Open masakuri opened 6 years ago
I'm sorry, I typed incorrect command. ~The error was solved.~ I still have same error...
Ok, please let me know your command.
$ deep-crf train input_train_jp.txt --delimiter=" " --dev_file input_dev_jp.txt --save_dir save_jpmodel_dir --save_name bilstm-cnn-crf_adam_jp --optimizer adam --word_emb_file jp_word_emb300.txt --word_emb_vocab_type replace_only --gpu 0
Thank you.
I think this error since your training file format input_train_jp.txt
is wrong.
Invalid input feature sizes
.
I just fix code, please use recent version and please let me know the result.
I think input_train_jp.txt
should be:
彼 O
は O
オバマ大統領 S-PERSON
です O
彼 O
は O
I got the following error.
ValueError: Invalid input feature sizes: "3". Please check at line [1298]
I checked at line 1298 in input_train_jp.txt
and I understood that the "word" has space like:
ほげ[space]ほげ[space]O
"ほげ[space]ほげ" is proper noun.
Thank you for your help to know this error cause.

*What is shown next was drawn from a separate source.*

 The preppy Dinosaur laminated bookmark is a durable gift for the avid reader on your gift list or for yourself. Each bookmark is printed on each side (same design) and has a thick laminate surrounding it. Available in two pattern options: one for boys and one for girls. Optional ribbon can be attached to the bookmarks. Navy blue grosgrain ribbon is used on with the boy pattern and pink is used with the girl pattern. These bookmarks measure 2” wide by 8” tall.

Is it OK to solve this problem by using --delimiter="\t"
and input_train_jp.txt
format is like ほげ[space]ほげ[tab]O
?
I fix input_train_jp.txt
format and I run the command ($ deep-crf train input_train_jp.txt --delimiter="\t" --dev_file input_dev_jp.txt --save_dir save_jpmodel_dir --save_name bilstm-cnn-crf_adam_jp --optimizer adam --word_emb_file jp_word_emb300.txt --word_emb_vocab_type replace_only --gpu 0
), I got following error:
File "build/bdist.linux-x86_64/egg/deepcrf/__init__.py", line 66, in train
File "build/bdist.linux-x86_64/egg/deepcrf/main.py", line 102, in run
ValueError: Invalid training sizes: 0 sentences.
Any ideas?
Is it OK to solve this problem by using --delimiter="\t" and input_train_jp.txt format is like ほげ[space]ほげ[tab]O ?

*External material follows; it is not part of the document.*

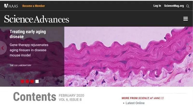 2020年2月 20日生命科学学院发育与免疫研究团队和抗衰老与再生医学研究所在国际著名综合性杂志Science子刊《Science advances》(影响因子:12.157, 1区Top)在线发表题为《Vascular endothelium-targeted Sirt7 gene therapy rejuvenates blood vessels and extends lifespan in a Hutchinson-Gilford progeria model》的研究性论文,同时该论文内容被选为本期滚动播放四个工作之一。
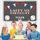 Cute Baseball Bunting Flags Kids Birthday Party Banner. The design has two baseballs and birthday party bunting flags in red, blue and white colors. Personalize it with your name and text and make your own birthday party banner. Great for a boy who loves baseball.

Yes! I think it is a good solution.
Each sentence must be split by a blank line (empty line \n) in input_train_jp.txt
.
Note that you should put empty line (\n) between sentences. This format is called CoNLL format.

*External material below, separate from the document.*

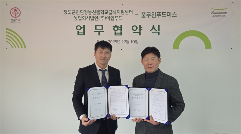 풀무원 계열 식자재 유통기업 풀무원푸드머스(대표 천영훈)는 청도군 친환경농산물 학교급식지원센터(센터장 서권환)와 지역 농산물 유통 활성화를 위한 업무협약을 체결했다고 11일 밝혔다. 청도군은 우수하고 안전한 친환경 농축산물 공급으로 학교 급식 품질 강화를 실현하고자 공공급식 위탁 사업 방식으로 ‘친환경 학교급식지원센터 지정’ 제도를 운영하고 있다. 현재는 농업회사법인 ㈜아임푸드(대표 서권환)가 청도군 친환경농산물 학교급식지원센터로 지정돼, 청도군 학교 급식 질 향상에 기여하고 있다.

I mean if you have two sentences,
$ cat input_file.txt
Barack B−PERSON
Hussein I−PERSON
Obama E−PERSON
is O
a O
man O
. O
Yuji B−PERSON
Matsumoto E−PERSON
is O
a O
man O
. O
My input_train_jp.txt
file has blank line ("\n") between sentences (more precisely, between tweets) but I got the error...
Now your input_train_jp.txt
seems following?
あああ[tab]O
あ[tab]O
い[tab]O
う[tab]O
お[space]お[tab]O
お[tab]O
Now your input_train_jp.txt seems following?
あああ[tab]O
あ[tab]O い[tab]O う[tab]O
お[space]お[tab]O お[tab]O
Yes.
OK. Can you send me your input file via e-mail if you are ok.
nanigashi03[at]
gmail.com
Or, please try replace [tab] to [space] :
お[space]お => お_お
[tab] => [space]
and please use --delimiter=" "
.
Maybe [tab] unicode causes this error?
replace [tab] to [space]:
お[space]お => お_お
[tab] => [space] use --delimiter=" "
It worked!!! Thank you very much for your help!!!
OK. It seems our code or input format with [tab] will cause that error.
I see. Thank you very much. I changed the issue title to know the content.
When I trained with English train/dev files, it worked. But when I trained with Japanese train/dev files (and set pre-trained Japanese word embeddings file), I got the following error.
I want to set pre-trained Japanese char embeddings file, but it looks like there is not
--char_emb_file
option. I am wondering if this is the cause of the error. Does it support Japanese train/dev file (or --char_emb_file option) ? Thank you.